The first round of voting in the Iranian presidential election had no winner

The community put the other outcome alternative at about 30 %, whereas I had it at about 50 % throughout the question’s lifetime. I always put more weight on other outcome-type alternatives because they tend to hide many alternative resolutions that we don’t think of as possibilities up front.

And indeed, this was what happened in this question. Neither I nor the community had realised that it takes a majority of votes to win the Iranian presidential election. We worked from the assumption that it only took a plurality. So when no candidate secured a majority of votes, the election went into a run-off vote, satisfying the criteria for resolving as other outcome.

MIT became #1 in the QS World University Rankings 2025

This was a fairly given winner, which the community had at about 80 %. I, lacking a lot of information, gave them the same chances as Cambridge, i.e. about 40 %. Clearly I would have done better with more information!

The 2024 Indian election had a disproportionality measure of 9.3

The community had the actual outcome at a 2 % probability, and I had it at about 9 %. I bring this question up because it highlights a typical problem with these continuous questions: the community tends to forecast a fairly narrow distribution, with tails that taper off to near-zero very quickly. A trick I’ve used for a long time is to add another component that has low weight but a huge variance. This gives the total forecast distribution fat tails, and that seems to often be the right thing to do.

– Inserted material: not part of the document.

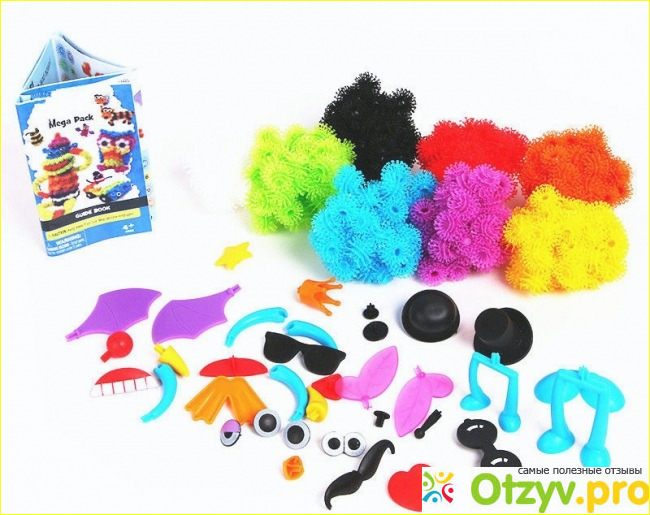 Продавцом-консультантом оказался очень приятный молодой человек, который действительно разбирался в своем деле. Выслушав нашу проблему, молодой человек сразу преложил нам альтернативный вариант, который подойдет и девочке, и мальчику. Продавец предложил нам приобрести конструктор-липучку "Вunchems". Это не какой-то там знакомый нам с детства обычный конструктор. Нет! Я такого прежде еще никогда не видела! "Вunchems" представлял собой набор из трехсот семидесяти разноцветных шариков, которые можно было слепливать между собой по принципу репейника. Они были разных цветов (пятьдесят красных шариков, пятьдесят фиолетовых, пятьдесят оранжевых, пятьдесят синих, двадцать белых, пятьдесят черных, пятьдесят зеленых и пятьдесят желтых шариков). Кроме того, в комплекте шло тридцать шесть аксессуаров для "оживления" созданных детьми фигурок (пластмассовые носы, руки, ноги, глаза, рты, усы, очки и т. д.). А также шла инструкция с картинками посозданию пятнадцати разнообразных фигурок. Но это для тренировки, дальше детки и сами могли проявлять свою фантазию и создавать любые фигурки, на которые только воображения хватит. Все это было красочно упаковано в большой футляр в виде красочного чемоданчика. Мы поняли, что дети будут в восторге от подобного подарка, так что купили им по одному такому набору.

I think the interpretation of why fat-tailing the forecast works is that it accounts for incorrect assumptions. In other words, if all our assumptions are correct, we might predict a fairly narrow hump on the expectation. But there’s always that 5–15 % chance that we are missing some detail, and then the answer can be just about anywhere in the broad neighbourhood of the expectation. An additional component that says “wuh-huh I don’t know it could be anything” at about a 10 % weight admits that in the forecast.